Last week, he told the group he learned why I am so calm at the piano. He heard a (true) story that when my kids were young, they would often sit on my lap and try to play along when I was practicing Beethoven sonatas. Ah, yes. That was hard. Thankfully I have never performed with kids on my lap.
But many other things have happened. I’ve been at performances where my pages fell on the floor or blew away. I have performed on pianos with keys and pedals that don’t work. I have performed with page turners that missed a page turn so significant that I had to intervene and start flipping madly to the place I needed to be while cobbling together some semblance of the accompaniment with one hand. I have accompanied singers that have missed entire sections of the piece. I once dropped out of playing a few measures to catch up with an instrumental soloist who made a rhythmic mistake. I took the heat so it wouldn’t look like she screwed up, and she actually won her audition.
Then there are my own mistakes, of which there are many. Just one example is this: early on in my life, when I was 9 or 10, I was performing Beethoven’s Fur Elise in a recital by memory. No lie, I sat down at the piano and played the entire first section correctly, but in the WRONG KEY. I had simply started on the wrong note. I didn’t know what I had done until I got to the next section and realized I couldn’t continue like that. I started over again, apparently unfazed because I got through it fine.

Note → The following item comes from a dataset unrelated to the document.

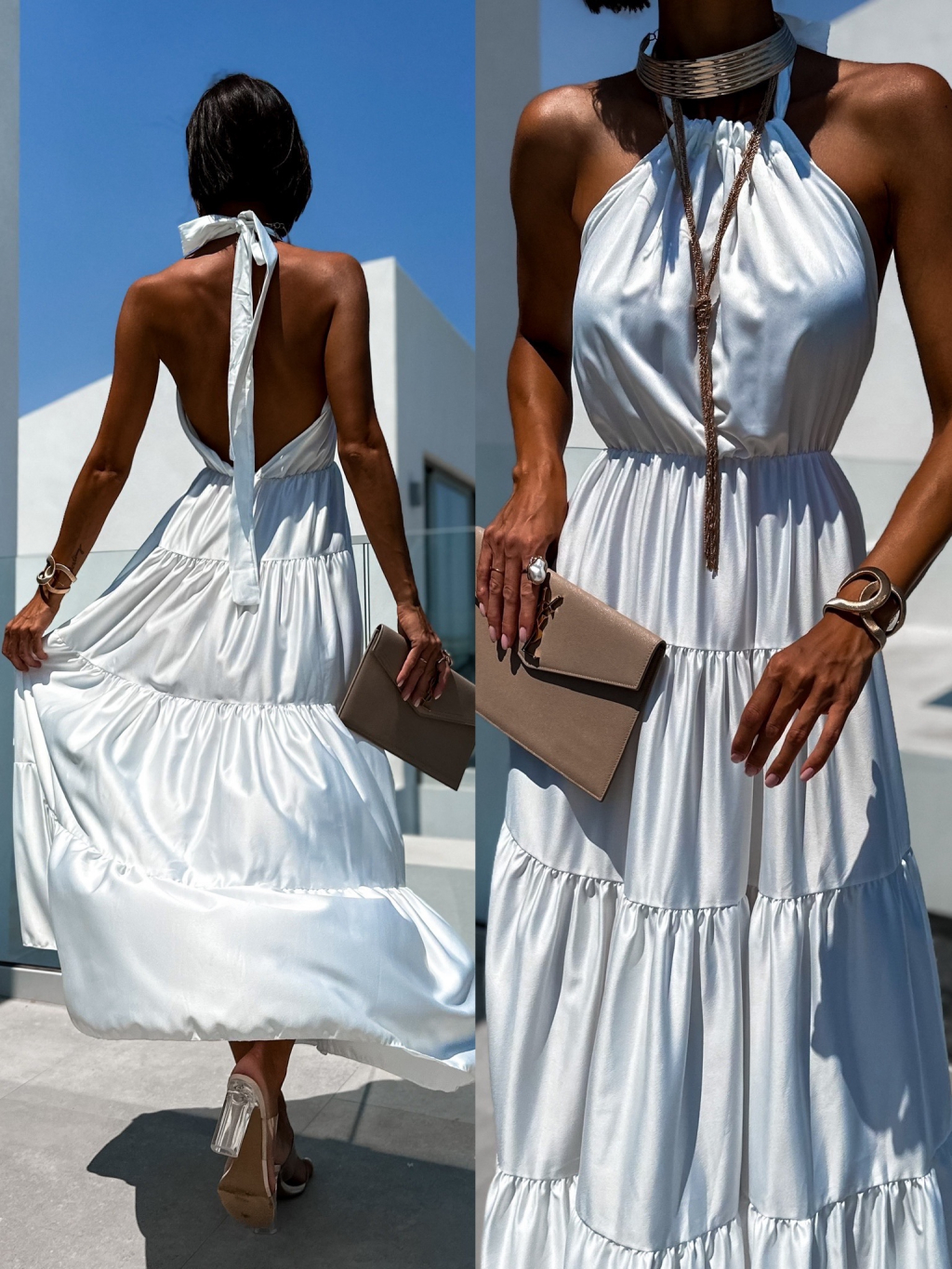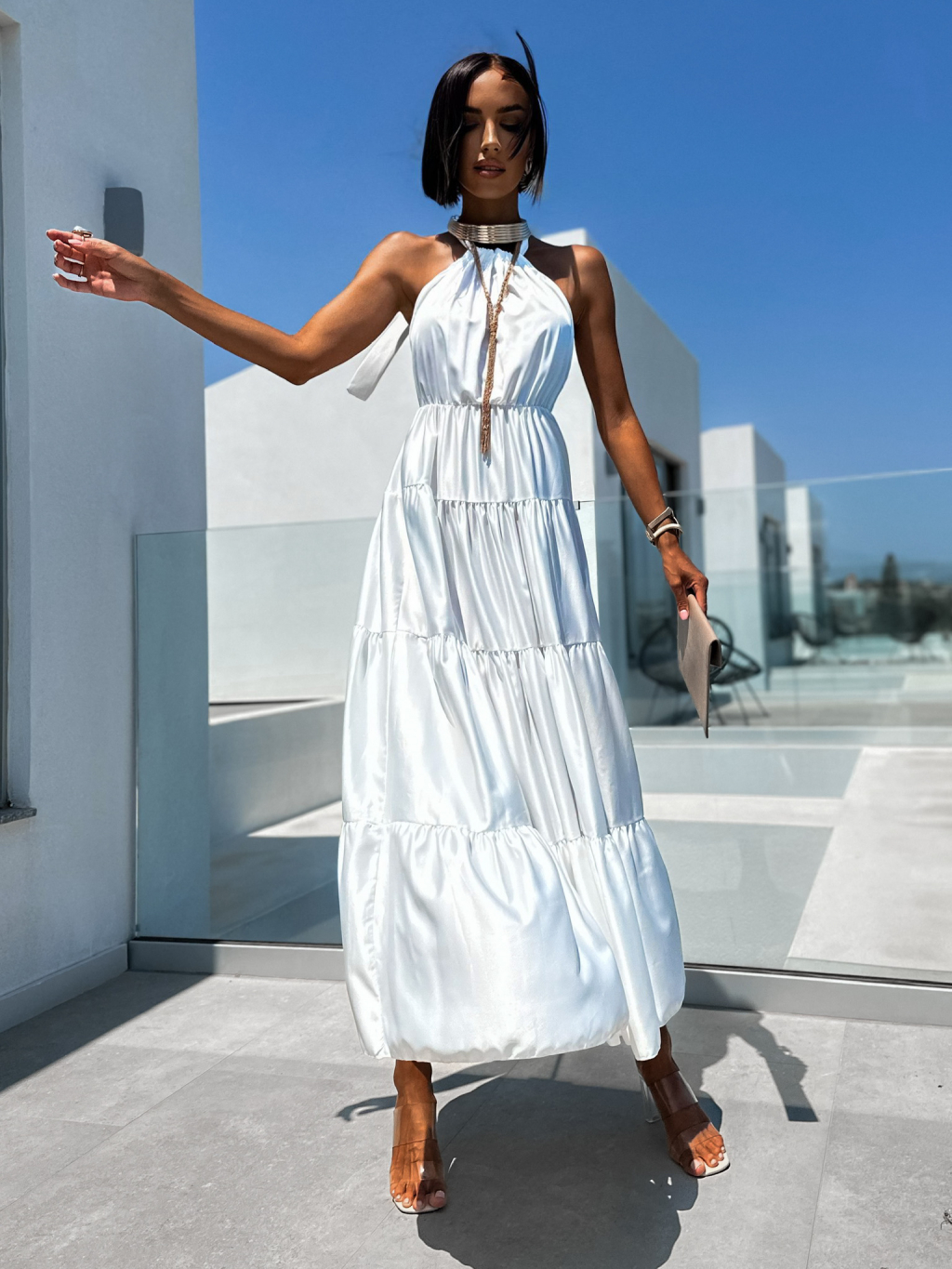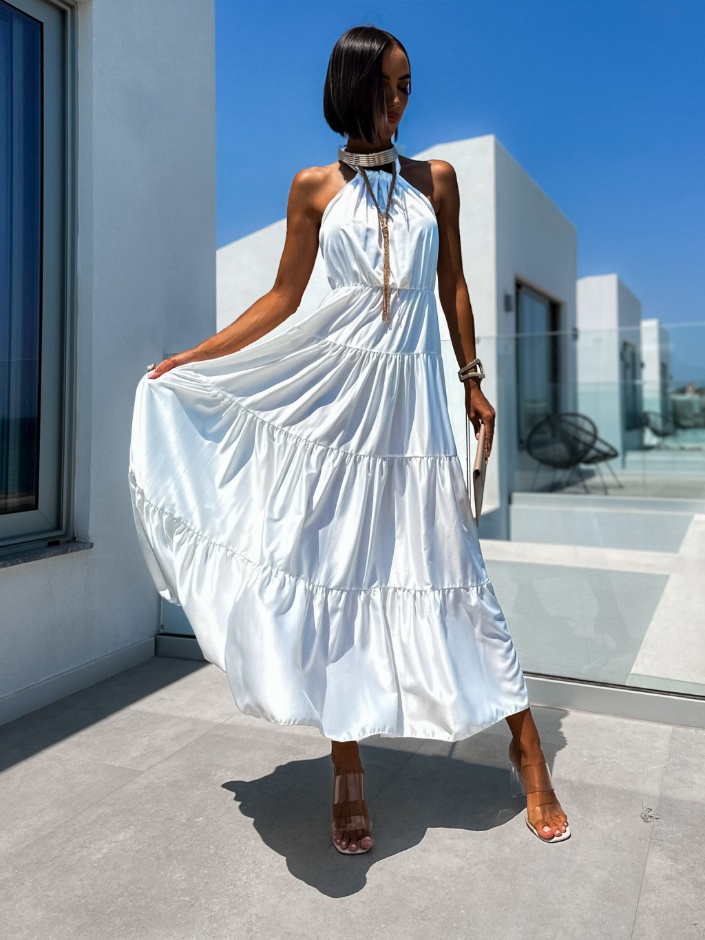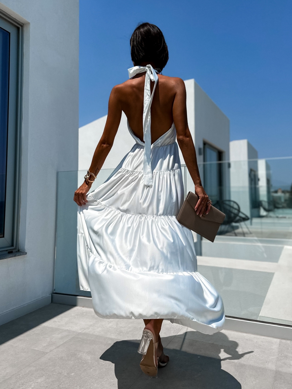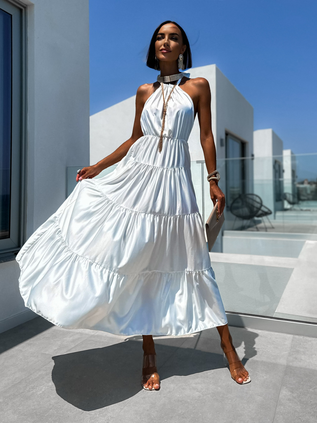 Bílé dlouhé elegantní šaty FERNS s průstřihem na zádech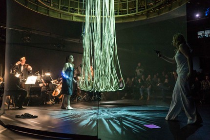 Невероятно живое, мелодически обволакивающее ощущение от музыки, особенно от «Медиума», несомненно, есть. Частные позитивные ощущения от визуальных эффектов есть тоже, но целостного ощущения театральности, особенно когда «коня» «Медиума» впрягли в одну упряжку с «трепетной ланью» «Телефона», увы, нет. С оркестром осязаемо профессионально – основательно скрупулезно и тонко – поработал дирижер-постановщик Алексей Верещагин (ассистент дирижера – Роман Денисов).

I have had so many performance mishaps and embarrassments that I really don’t know how I ever became a musician except for extreme stubbornness, which I suppose in this one case is a good trait to have. I imagine the opportunities for getting flustered might have deterred many.
I even had a first-time occurrence at my concert tonight: the piano key cover fell on my hands during the performance, knocked down accidentally by my page turner! There was nothing to do but keep playing. The audience, and perhaps even my director, didn’t even know something happened. I’m not even sure if I made any noise from the surprise.
Not much bothers me at the piano now.
I suppose the predictability of performance is realizing that anything can happen. The show must go on!